Il est aussi tenu compte du préjudice causé par la divulgation de l’information secrète. Au-delà du seul préjudice causé à l’employeur, c’est l’ensemble des effets dommageables que la divulgation litigieuse est susceptible d’entraîner qu’il convient de prendre en compte pour statuer sur le caractère proportionné de l’ingérence dans le droit à la liberté d’expression des lanceurs d’alerte protégés par l’article 10 de la Convention et, pour finir, la nature et la lourdeur des peines infligées constituent des éléments à prendre en compte lorsqu’il s’agit de mesurer la proportionnalité d’une atteinte au droit à la liberté d’expression.

En l’espèce, la Cour estime que les informations litigieuses n’étaient pas seulement de nature à « interpeller ou scandaliser » comme le retint la Cour d’appel, mais apportaient bien un éclairage nouveau, dont il convient de ne pas minorer l’importance dans le contexte d’un débat sur « l’évitement fiscal, la défiscalisation et l’évasion fiscale », en fournissant des renseignements à la fois sur le montant des bénéfices déclarés par les multinationales concernées, sur les choix politiques opérés au Luxembourg en matière de fiscalité des entreprises, ainsi que sur leurs incidences en termes d’équité et de justice fiscale, à l’échelle européenne et en particulier en France.

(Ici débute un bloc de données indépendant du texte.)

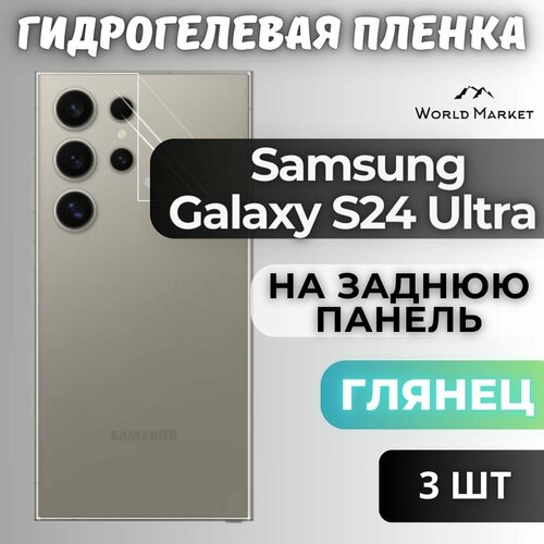 Комплект 3шт. Защитная гидрогелевая пленка на Samsung Galaxy S24 Ultra / глянцевая на заднюю панель / Противоударная бронепленка с эффектом восстановления на Самсунг Галакси С24 Ультра

La Cour estime en outre que le poids de l’intérêt public attaché à la divulgation litigieuse ne peut être évalué indépendamment de la place qu’occupent désormais les multinationales de dimension mondiale tant sur le plan économique que social. Le rôle des recettes fiscales sur l’économie et les budgets des États et les enjeux considérables pour les gouvernements des stratégies fiscales telles que le transfert de bénéfices, auxquelles peuvent recourir certaines multinationales, doivent également être pris en considération. La Cour en déduit que les informations relatives aux pratiques fiscales des multinationales telles que celles dont les déclarations ont été rendues publiques par le requérant permettaient indéniablement de nourrir le débat en cours sur l’évasion fiscale, la transparence, l’équité et la justice fiscale. Il ne fait aucun doute qu’il s’agit là d’informations dont la divulgation présente un intérêt public pour l’opinion – aussi bien au Luxembourg, dont la politique fiscale était directement en cause, qu’en Europe et dans les autres États dont les recettes fiscales pouvaient se trouver affectées par les pratiques révélées.

En conclusion, la Cour, après avoir pesé les différents intérêts ici en jeu et pris en compte la nature, la gravité et l’effet dissuasif de la condamnation pénale infligée au requérant, conclut que l’ingérence dans le droit à la liberté d’expression de ce dernier, en particulier de son droit de communiquer des informations, n’était pas « nécessaire dans une société démocratique ».

Partant, il y a eu violation de l’article 10 de la Convention.